El artista checo Filip Hodas, con residencia en Praga, no le rehúye al costado más decadente de la cultura popular: se tira de panza en aguas que navegan su exacerbado declive. Lo hizo antaño al imaginar un futuro distópico donde consolas de juegos eran búnkers posapocalípticos, Pacman yacía inerte con su motor quemado; ídem el insolente Bender, cubierto de musgo. Y lo ha vuelto a hacer ahora, desde un prisma considerablemente distinto: en Cartoon Fossils, su último trabajo, ha creado el veinteañero una serie de calaveras anatómicamente correctas, aunque genuinamente imposibles. Son, después de todo, cráneos de dibujitos animados, creados tras darse caña con diferentes programas -como el Cinema 4D, el Zbrush, el Substance Designer- y una impresora 3D. “Al principio, evalué hacerlos similares a los restos de dinosaurios, instalarlos en un ambiente que emulara el museístico, pero con partes rotas o faltantes no eran tan reconocibles. Así que descarté la opción, me decanté por una apariencia menos dañada, agregándoles algunos detalles típicos”, comparte el “paleontólogo” que ha dado con los fósiles de Popeye, Tribilín, Piolín, Bob Esponja, Tío Rico, Minnie… Otorgando a cada ejemplar, conforme dicta la especialidad, su nombre científico: Homo Popoculis, Canis Goofus, Canaria Tweetea, Spongia Bobae, Anas Scroogius, Mus Minnius… Marcando, además, en sus chapitas de identificación el año y el país de origen de cada espécimen (léase, cuándo y dónde debutaron en animación). Por lo demás, deja la interpretación a criterio de cada espectador, aunque aclara que “la sensación que persigo, en general, es la nostalgia, recreando mundos olvidados, mezclándolos con las ideas que me entretenían de niño (era fan de los dinosaurios, vale aclarar), siempre plantando un pequeño giro o broma aquí o allá”. Y ya está.

La cuna del ocio

Lo llaman “el espacio gamer definitivo”, aunque también le cabría por mote “el paraíso del holgazán”; su función, después de todo, es que los jugadores hagan el mínimo esfuerzo indispensable: por caso, dar dos, tres pasos, ¡o cuatro!, una odisea para el haragán.
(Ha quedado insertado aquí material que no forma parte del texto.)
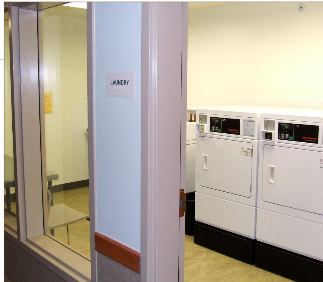
Fully accessible unit
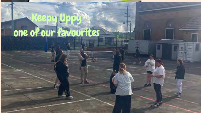
Keepy Uppy one of our favourites
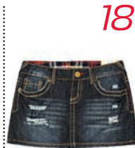
1 hot hunnie hits the scene in a denim mini from Amethyst Jeans. $30 (0-24)
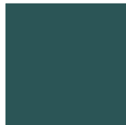
Blue Green RAL 6004
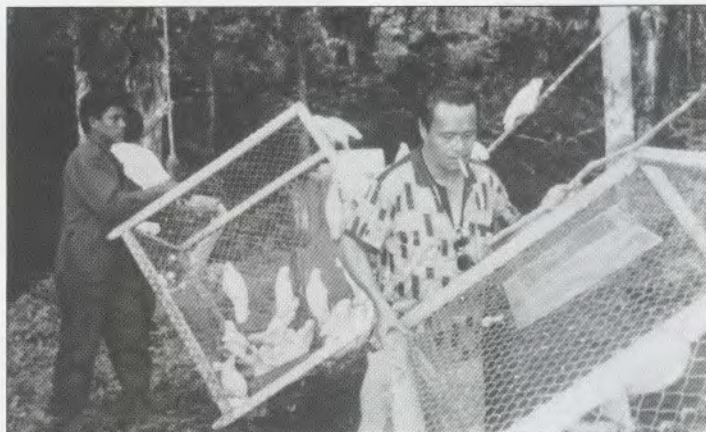
Goffin's Cockatoos being released into the forest. The release was made under the supervision of the local Indonesian authorities.

Obra y gracia de la compañía nipona Bauhutte, se trata de un mueble –casi un capullo- especialmente diseñado para gamers que solo sueltan los controles para ir al baño, a los que levantarse del escritorio o el sillón para ir a dormir les resulta titánica misión. Sin más, anota la mentada empresa japonesa en su website: “Despertarse y moverse hasta el escritorio para jugar, ¿¡por qué la vida tiene que ser tan complicada!? Por fin un producto que resuelve el problema”. Un problemón, ajá… Ergo la flamante propuesta: una cama -con cabecera movible- que incluye los más variopintos aditamentos, desde estantes para guardar refrigerios, portavasos, soporte de dos pantallas, también para tabletas, espacio para parlantes, un brazo robótico… En fin, lo necesario para amanecer, jugar, volver a retozar, sin abandonar el colchón nunca jamás. Sale poco más de mil euros, en yenes; los snacks no están incluidos, sí la almohada especial. Vale decir que también vende Bauhutte sillas gaming, pero es claro que entiende que la cama es el set-up ideal para los aficionados a Resident Evil, Call of Duty, The Legend of Zelda, y más, más, más. Claro además que no ha hecho mella en la firma lo que pasase el pasado año, cuando la Organización Mundial de la Salud (OMS) prendió la chicharra e incluyó a su lista oficial de enfermedades la adicción a los videogames, trastorno modernete que refiere al uso y abuso excesivo, irrefrenable por jugar, repercutiendo perniciosamente en las habilidades personales, sociales, académicas, laborales. Consecuencias nefastas en la salud, sin más, de los que la camita parece sacar rédito, dando mullido confort a una afición que puede devenir adicción, sin más.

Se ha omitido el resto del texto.